«Una maleza es cualquier planta que crece donde uno no quiere», dijo mi padre al darme la azada. Yo quería dejar la planta de maíz que «voluntariamente» se había plantado entre los guisantes. Pero papá, que había crecido en una granja, me dijo que la sacara. Lo único que haría esa espiga sería ahogar los guisantes y robarles los nutrientes.
Los seres humanos no son plantas —tenemos mentes y libre albedrío dados por Dios—, pero, a veces, tratamos de brotar donde Dios no lo ha planeado.

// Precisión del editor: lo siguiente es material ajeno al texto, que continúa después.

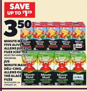 MINUTE MAID, FIVE ALIVE, ALLENS JUICE OR FUZE ICED TEA 10X200 ML offers and online promotions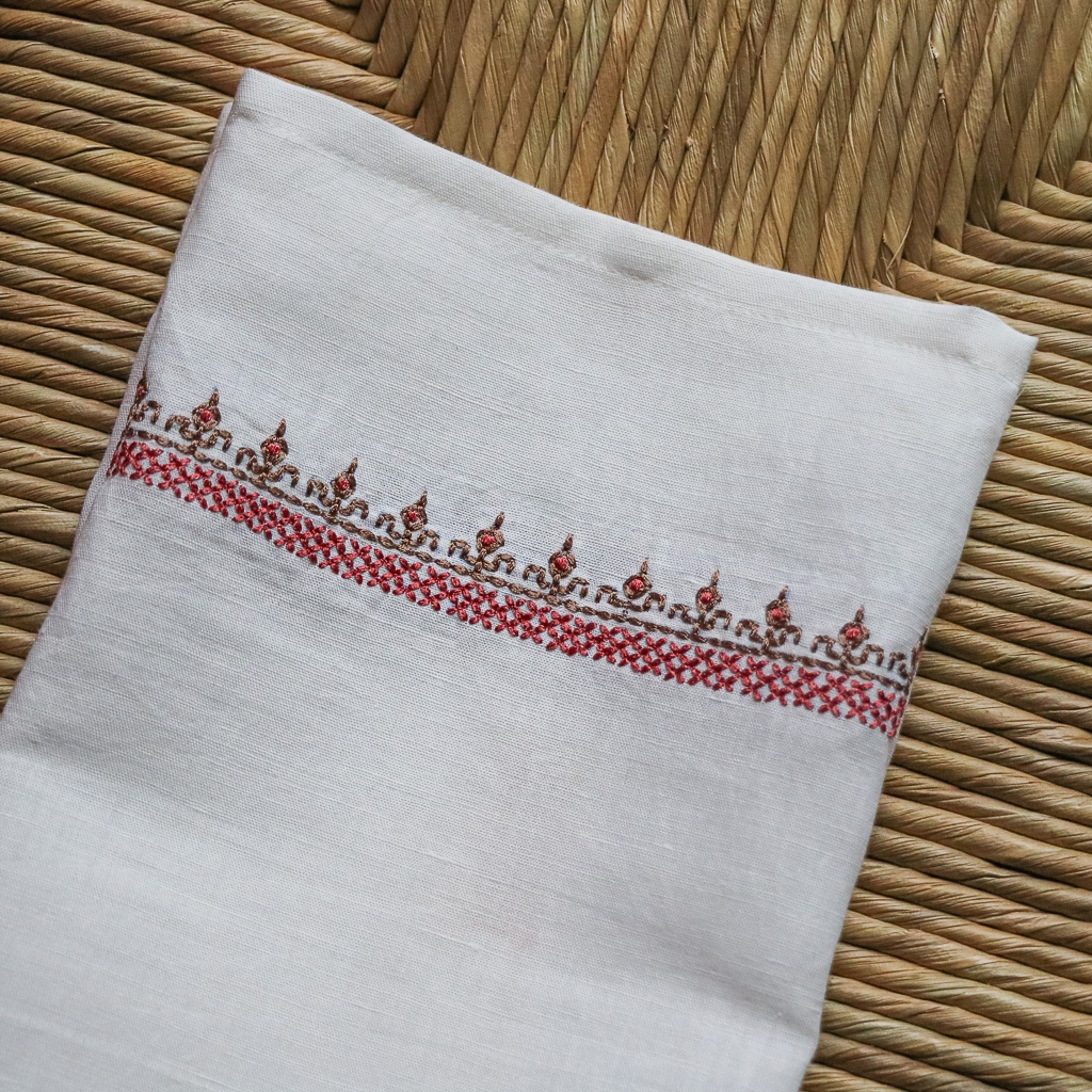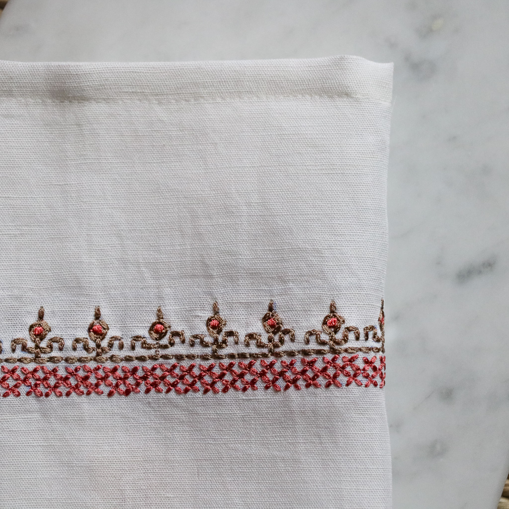 The Lola hand towels introduce beautiful hand embroidery to our range. Featuring a clean white base, intricate (but substantial) stitches in two colours anchor this sweet design. Hearty thanks to our printers for sharing this timeless pattern for our use here.

Jonatán, el príncipe guerrero hijo del rey Saúl, podría haberlo hecho. Tenía todo el derecho a ser rey, pero vio la bendición de Dios sobre David, y reconoció la envidia y el orgullo de su propio padre (1 Samuel 18:12-15). Por eso, en vez de procurar un trono que nunca sería suyo, se convirtió en el mejor amigo de David; incluso, le salvó la vida (19:1-6; 20:1-4).
Algunos dirían que Jonatán cedió demasiado, pero ¿cómo preferimos ser recordados? ¿Como el ambicioso Saúl, que se aferró a su trono y lo perdió? ¿O como Jonatán, que protegió a quien sería el digno antepasado de Jesús?
El plan de Dios es mejor que el nuestro siempre. Podemos rechazarlo y asemejarnos a una maleza mal ubicada o aceptarlo y convertirnos en plantas fructíferas de su huerto. La elección es nuestra.